### [Task goal]
Return every record below exactly as given, images excluded.

### [Working data]

========================================

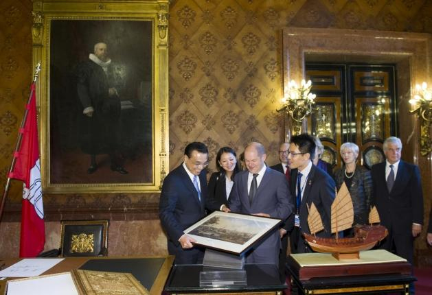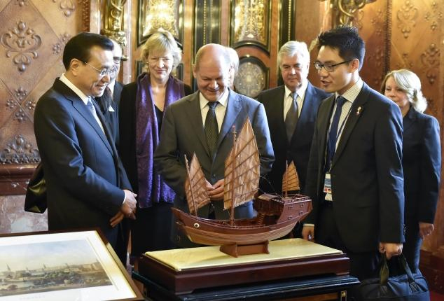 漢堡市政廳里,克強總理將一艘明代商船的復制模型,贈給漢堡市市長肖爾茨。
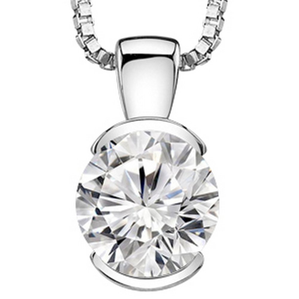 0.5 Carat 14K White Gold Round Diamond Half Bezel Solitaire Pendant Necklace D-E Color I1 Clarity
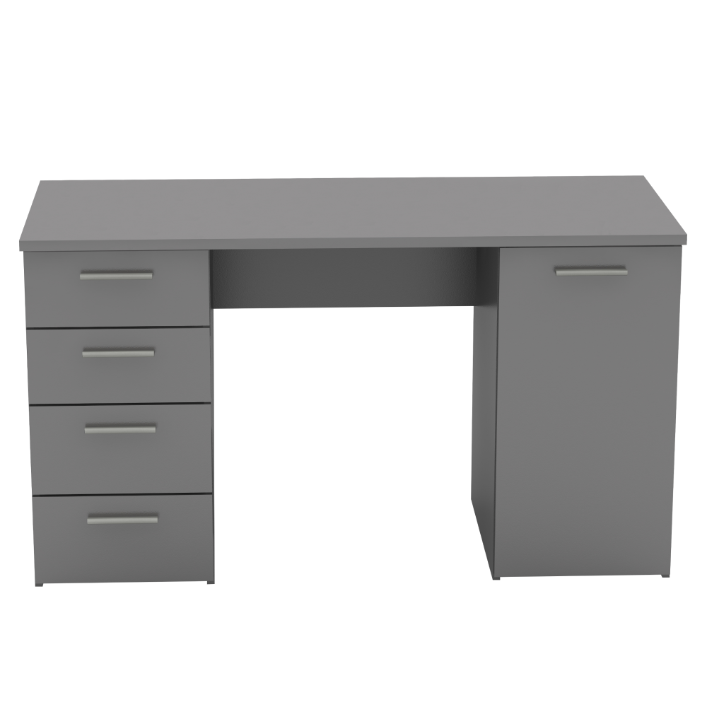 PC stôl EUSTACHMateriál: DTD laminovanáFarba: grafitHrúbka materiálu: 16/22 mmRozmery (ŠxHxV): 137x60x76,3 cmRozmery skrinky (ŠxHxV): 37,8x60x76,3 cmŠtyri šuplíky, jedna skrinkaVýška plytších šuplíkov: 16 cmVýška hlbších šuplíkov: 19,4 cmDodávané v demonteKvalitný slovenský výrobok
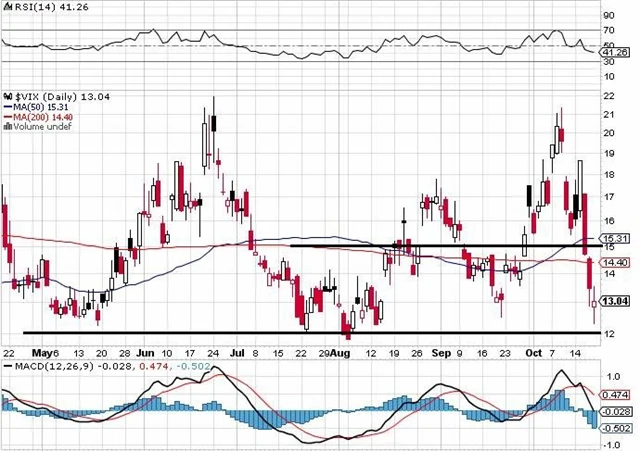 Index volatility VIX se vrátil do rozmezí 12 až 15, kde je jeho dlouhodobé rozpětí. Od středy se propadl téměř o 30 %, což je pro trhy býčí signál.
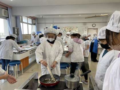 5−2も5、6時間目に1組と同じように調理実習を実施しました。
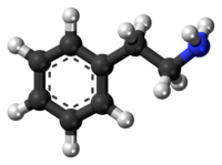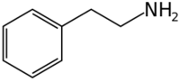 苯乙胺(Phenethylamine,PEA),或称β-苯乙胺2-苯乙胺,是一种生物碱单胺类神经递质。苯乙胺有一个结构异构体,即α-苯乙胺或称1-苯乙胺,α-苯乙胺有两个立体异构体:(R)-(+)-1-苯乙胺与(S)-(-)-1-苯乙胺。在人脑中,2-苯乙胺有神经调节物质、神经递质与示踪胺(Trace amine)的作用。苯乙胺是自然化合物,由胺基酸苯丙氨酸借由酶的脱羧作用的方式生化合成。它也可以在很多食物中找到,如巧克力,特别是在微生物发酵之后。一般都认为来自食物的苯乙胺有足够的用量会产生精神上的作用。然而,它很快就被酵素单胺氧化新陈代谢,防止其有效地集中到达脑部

========================================

### [Task solution]
 漢堡市政廳里,克強總理將一艘明代商船的復制模型,贈給漢堡市市長肖爾茨。
 0.5 Carat 14K White Gold Round Diamond Half Bezel Solitaire Pendant Necklace D-E Color I1 Clarity
 PC stôl EUSTACHMateriál: DTD laminovanáFarba: grafitHrúbka materiálu: 16/22 mmRozmery (ŠxHxV): 137x60x76,3 cmRozmery skrinky (ŠxHxV): 37,8x60x76,3 cmŠtyri šuplíky, jedna skrinkaVýška plytších šuplíkov: 16 cmVýška hlbších šuplíkov: 19,4 cmDodávané v demonteKvalitný slovenský výrobok
 Index volatility VIX se vrátil do rozmezí 12 až 15, kde je jeho dlouhodobé rozpětí. Od středy se propadl téměř o 30 %, což je pro trhy býčí signál.
 5−2も5、6時間目に1組と同じように調理実習を実施しました。
 苯乙胺(Phenethylamine,PEA),或称β-苯乙胺2-苯乙胺,是一种生物碱单胺类神经递质。苯乙胺有一个结构异构体,即α-苯乙胺或称1-苯乙胺,α-苯乙胺有两个立体异构体:(R)-(+)-1-苯乙胺与(S)-(-)-1-苯乙胺。在人脑中,2-苯乙胺有神经调节物质、神经递质与示踪胺(Trace amine)的作用。苯乙胺是自然化合物,由胺基酸苯丙氨酸借由酶的脱羧作用的方式生化合成。它也可以在很多食物中找到,如巧克力,特别是在微生物发酵之后。一般都认为来自食物的苯乙胺有足够的用量会产生精神上的作用。然而,它很快就被酵素单胺氧化新陈代谢,防止其有效地集中到达脑部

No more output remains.